The Origins of Species

Mar 31, 2008 15:45

The Orange is a FREAK.

(Almost) all citrus species can interbreed, and the orange isn't even a species - it's just a hybrid between two other citrus varieties.

Even more so than sweet oranges as a whole, the Navel orange is a supreme freak of nature. Just think about it - NO SEEDS! How is this plant supposed to reproduce?

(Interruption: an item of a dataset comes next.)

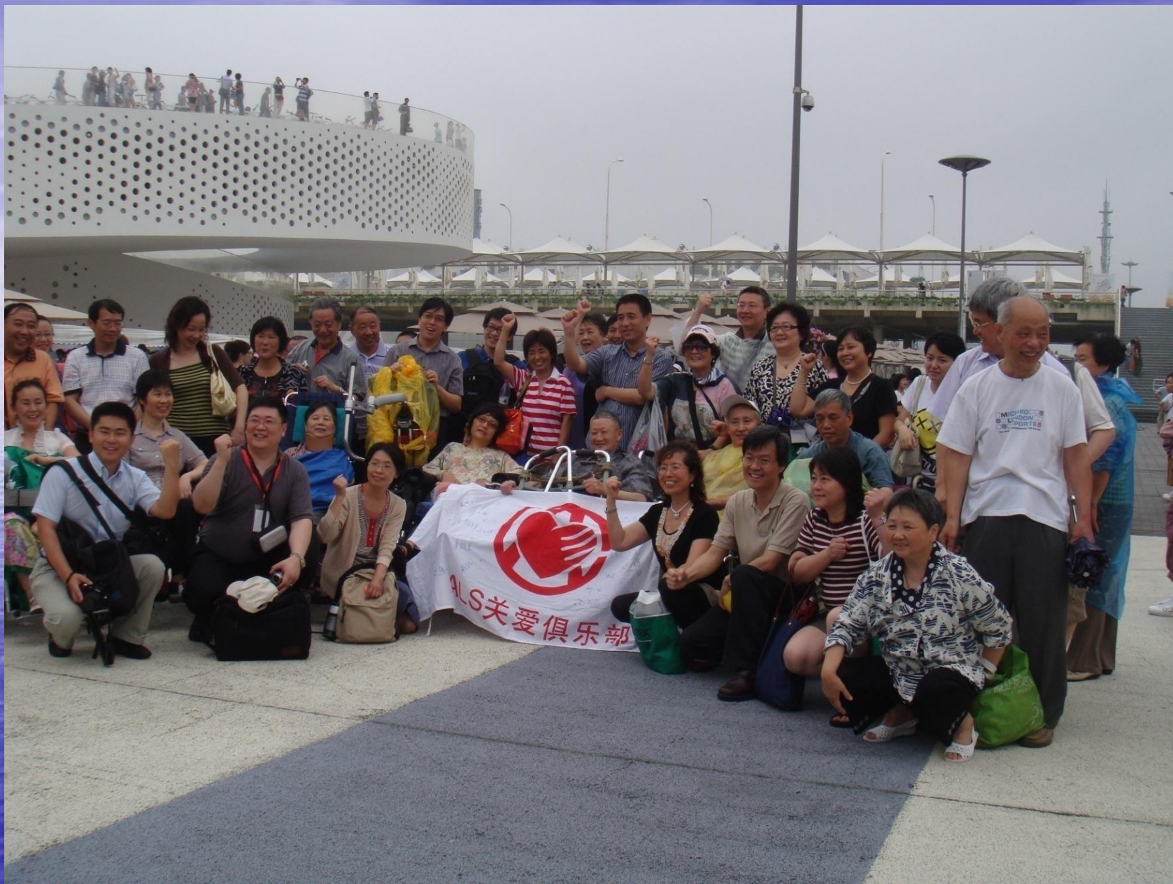
Patients from China, Taiwan visiting the Shanghai EXPO 2010

Truth is, it doesn't. Humans have been taking grafts off of trees and planting them, meaning that every orange you've ever eaten is almost 100% genetically identical to every other orange IN THE WORLD. Good thing they haven't pulled an Irish potato famine on us yet...

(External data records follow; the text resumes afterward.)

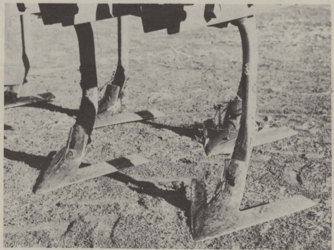
Figure 1. Here is a view of a duckfoot cultivator which is most effective in eliminating stands of field bindweed. Keep sweeps sharp and set to cut 4 inches below the soil surface with a three- to four-inch overlap between sweeps. A wider sweep or blade (30" up) is also effective in eliminating field bindweed. This implement may be more desirable on soil free from rocks where wind erosion may be a problem. It is important to leave a plentiful amount of weed and crop residue on the soil surface.

Combining intensive cultivation for part of the season with the production of a crop and chemical application is generally more practical than an entire season of cultivation. Income from the crop is obtained and erosion hazards, resulting from a full season of cultivating, are greatly reduced.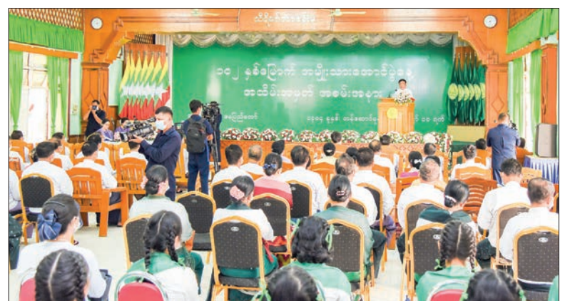
Nay Pyi Taw convenes the 102 nd Anniversary of National Victory Day yesterday.

from the Department of Basic Education. First, students from No 6 Basic Education High School sang the song “Zartiman” and Union Minister Dr Nyunt Pe read out the message sent by Chairman of the State Administration Council Prime Minister of the Republic of the Union of Myanmar Senior General Min Aung Hlaing to the ceremony to mark the 102 nd National Victory Day. Afterwards, the ceremony ended with the singing of the song “the Myanmar School” by the students.—MNA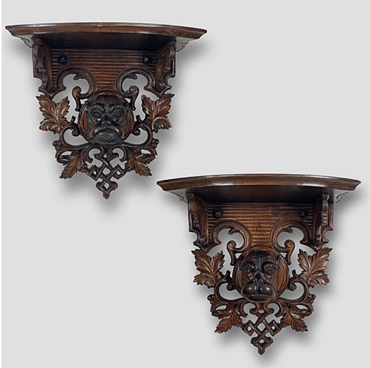
A PAIR OF CARVED WALL ÉTAGÈRES FROM THE BLACK FOREST

XVIII-XIX CENTURY FURNITURE & DECORATIVE ARTS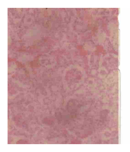
FIG. II b: Cross- section of the kidney of pregnant Sprague – Dawley rats treated with Paracetamol for 24 days (10<sup>th</sup> day of gestation -13<sup>th</sup> day after parturition) and sacrificed on the 24<sup>th</sup> day. Stains: haematoxylin & eosin. Magnification: X100.

Since the dawn of agriculture, unusual plants have really been the norm. But, what makes Navels unusual is simple, unusual numbers of chromosomes.

Now in humans, having 3 (instead of the normal 2, one from mom - one from dad) copies of just ONE chromosome (c21) causes Down's Syndrome. Extra chromosomes aren't usually maladaptive to the vegetative aspect of the plant, but they common effect reproductive issues. If you've got a bunch of extra chromosomes lying around, they can't pair off and get equally divided into reproductive cells (i.e. sperm/eggs) and they generally give the royal screw to any gametes that form by randomly expressing way too much of certain cellular components. BTW, if you haven't read anything about meiosis yet--you should. You owe your life to the wonder of this event, and it's one of the most beautiful least understood biological phenomena around. It's biological ballet. And tragedy too--if it goes wrong, it usually kills itself.

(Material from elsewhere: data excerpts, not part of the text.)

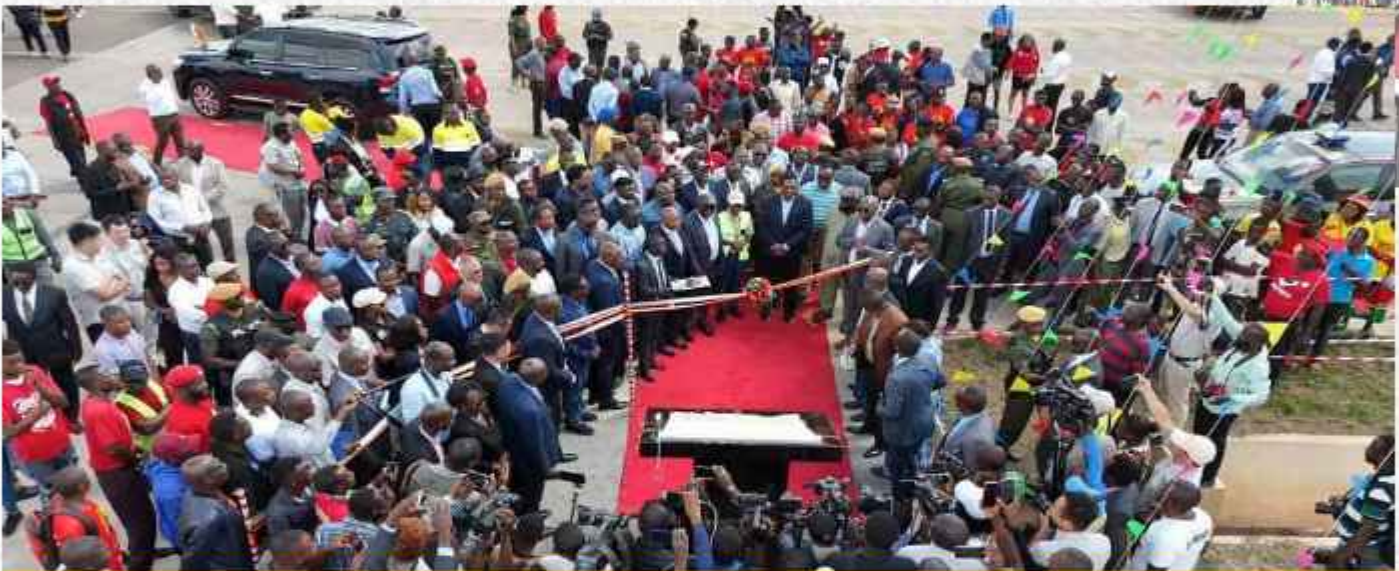
President Hakainde Hichilema and invited guests before the cutting of the ribbon and unveiling of the plaque.

PPP model in Zambia. This achievement will attract more investments into PPP projects, thereby further bolstering Zambia’s infrastructure development and driving economic growth,” he said.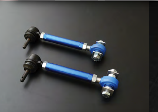
Adjustable Rear Lateral Link (Front) (GPE) Part No: 692 474 LA MSRP: $600.00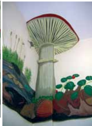
That's a wood mushroom in the corner, with a common black ground beetle.

Navel oranges = great at making fruits, bad at making babies.

Peeling an orange today, I wondered; WHY do oranges smell like that? Odor in flowers is to attract pollinators, but in fruit? Turns out that the d-limonene that's responsible for the citrus odor, otherwise known as citrus oil, is a natural insecticide. Which is probably the only part of the orange that still makes sense. Because that's pretty much ALL that plants do, attempt to manufacture toxic chemicals, spines, etc, to keep themselves from being eaten, & reproduce. I was thinking here we've got this fruit that's so extraordinarily obliging to my pleasure that it'll spray my hands with a pleasant scent as a by product of my EATING IT. But really, what we're looking at here is a tree that can't reproduce without the help of human-kind.

And that's not the only domesticated plant that is dependent on human cultivation to exist. Corn is a chance mutant that wouldn't live without someone with an opposable thumb peeling off the husk, and spilling a few kernels an inch or two deep into the soil. Corn would not exist without the people who cultivate it. And, I know that doesn't sound even remotely sinister, but gas and corn are pretty much the axis our society revolves around.

If you want to learn some unimaginably enlightening things about the entire American economy and food-chain, you owe it to yourself to pick up "The Omnivore's Dilemma" by Michael Pollan. Even if you just read pgs 15-115, you will be blown away.